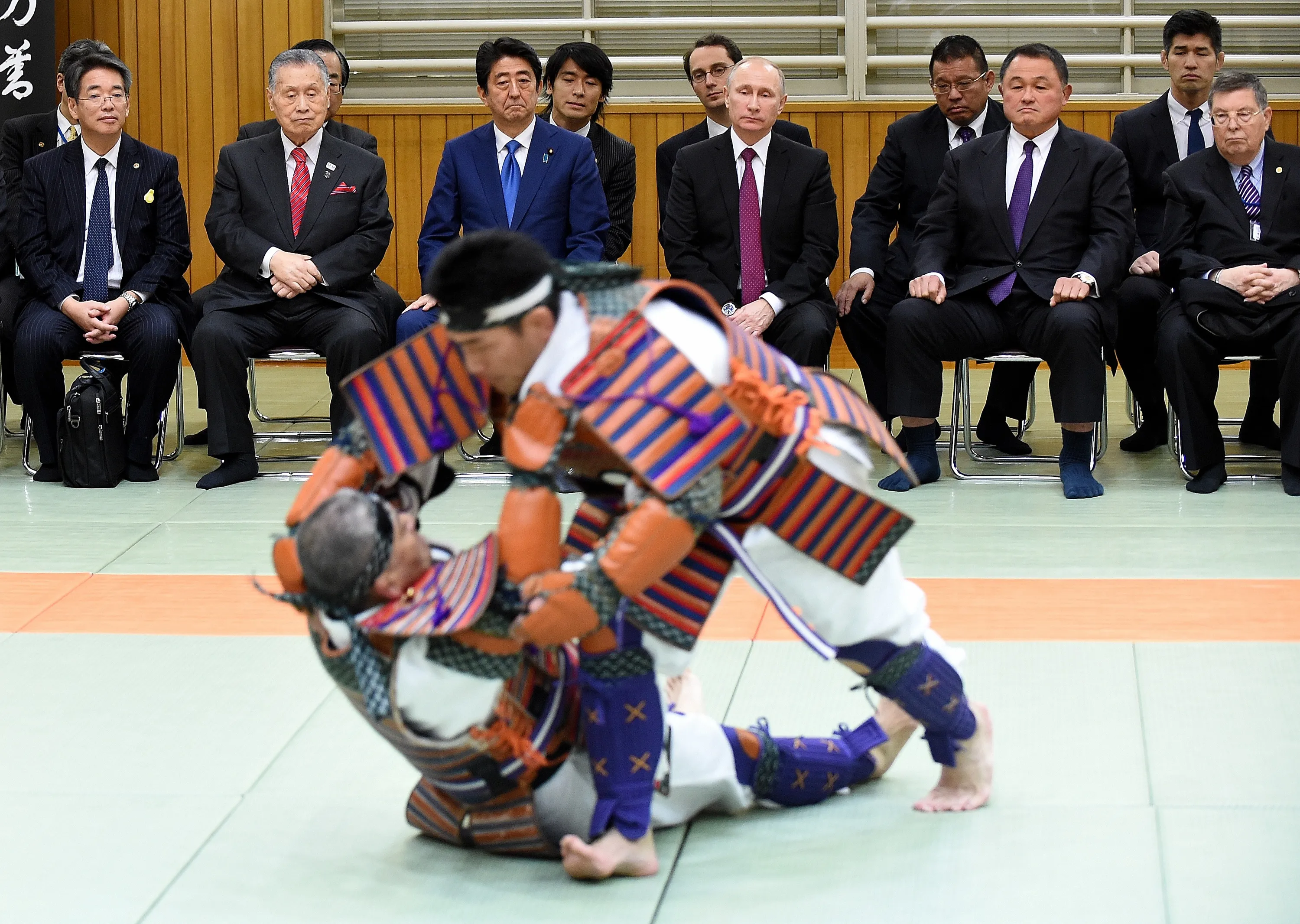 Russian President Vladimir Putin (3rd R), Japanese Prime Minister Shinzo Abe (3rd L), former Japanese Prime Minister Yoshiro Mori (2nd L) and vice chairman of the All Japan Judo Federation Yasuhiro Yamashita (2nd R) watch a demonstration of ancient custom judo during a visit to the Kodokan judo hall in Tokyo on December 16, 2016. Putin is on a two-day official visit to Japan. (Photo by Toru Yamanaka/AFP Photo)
...
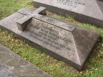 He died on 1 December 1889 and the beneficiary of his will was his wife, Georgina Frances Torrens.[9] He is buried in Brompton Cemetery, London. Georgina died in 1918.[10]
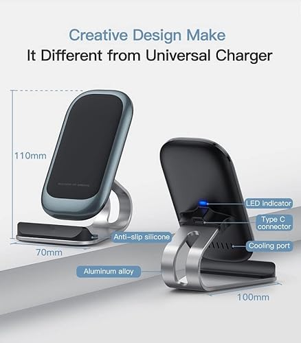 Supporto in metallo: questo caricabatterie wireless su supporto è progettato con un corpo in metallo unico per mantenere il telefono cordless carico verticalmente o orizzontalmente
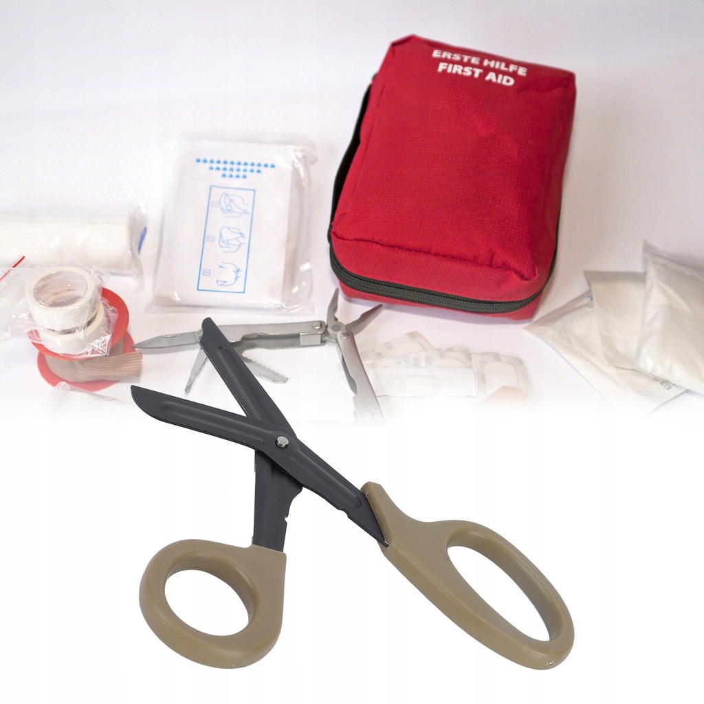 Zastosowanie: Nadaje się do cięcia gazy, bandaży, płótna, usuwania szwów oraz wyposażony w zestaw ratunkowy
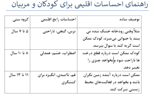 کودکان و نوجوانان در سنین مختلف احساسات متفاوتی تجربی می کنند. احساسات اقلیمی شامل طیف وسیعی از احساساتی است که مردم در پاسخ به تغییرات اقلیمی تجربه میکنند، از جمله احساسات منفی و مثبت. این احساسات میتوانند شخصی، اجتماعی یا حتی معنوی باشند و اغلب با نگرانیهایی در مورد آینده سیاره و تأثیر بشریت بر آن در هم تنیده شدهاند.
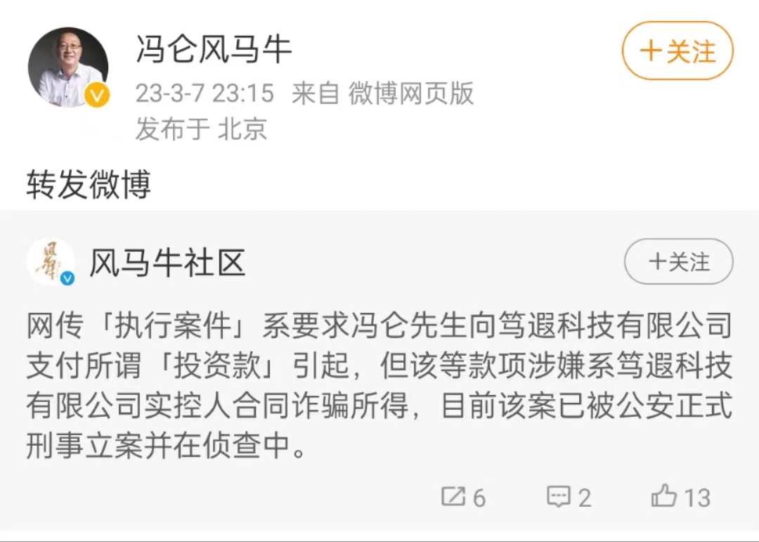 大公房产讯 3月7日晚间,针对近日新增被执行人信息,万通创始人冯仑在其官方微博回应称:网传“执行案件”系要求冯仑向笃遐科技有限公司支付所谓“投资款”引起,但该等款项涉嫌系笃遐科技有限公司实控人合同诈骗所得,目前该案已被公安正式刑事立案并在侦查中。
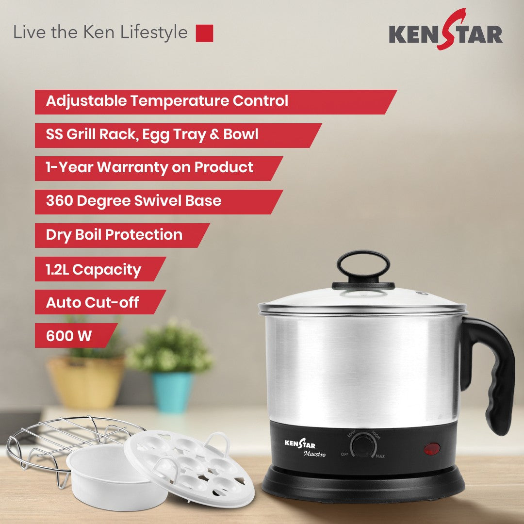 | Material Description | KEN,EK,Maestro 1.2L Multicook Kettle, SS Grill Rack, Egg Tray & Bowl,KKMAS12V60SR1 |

__Problem statement__. Leaving each picture behind, please give again exactly the lines above from the one with "Supporto in metallo: questo" through the one with "Zastosowanie: Nadaje się", both included, and no others.

__Output for this exercise__.
 Supporto in metallo: questo caricabatterie wireless su supporto è progettato con un corpo in metallo unico per mantenere il telefono cordless carico verticalmente o orizzontalmente
 Zastosowanie: Nadaje się do cięcia gazy, bandaży, płótna, usuwania szwów oraz wyposażony w zestaw ratunkowy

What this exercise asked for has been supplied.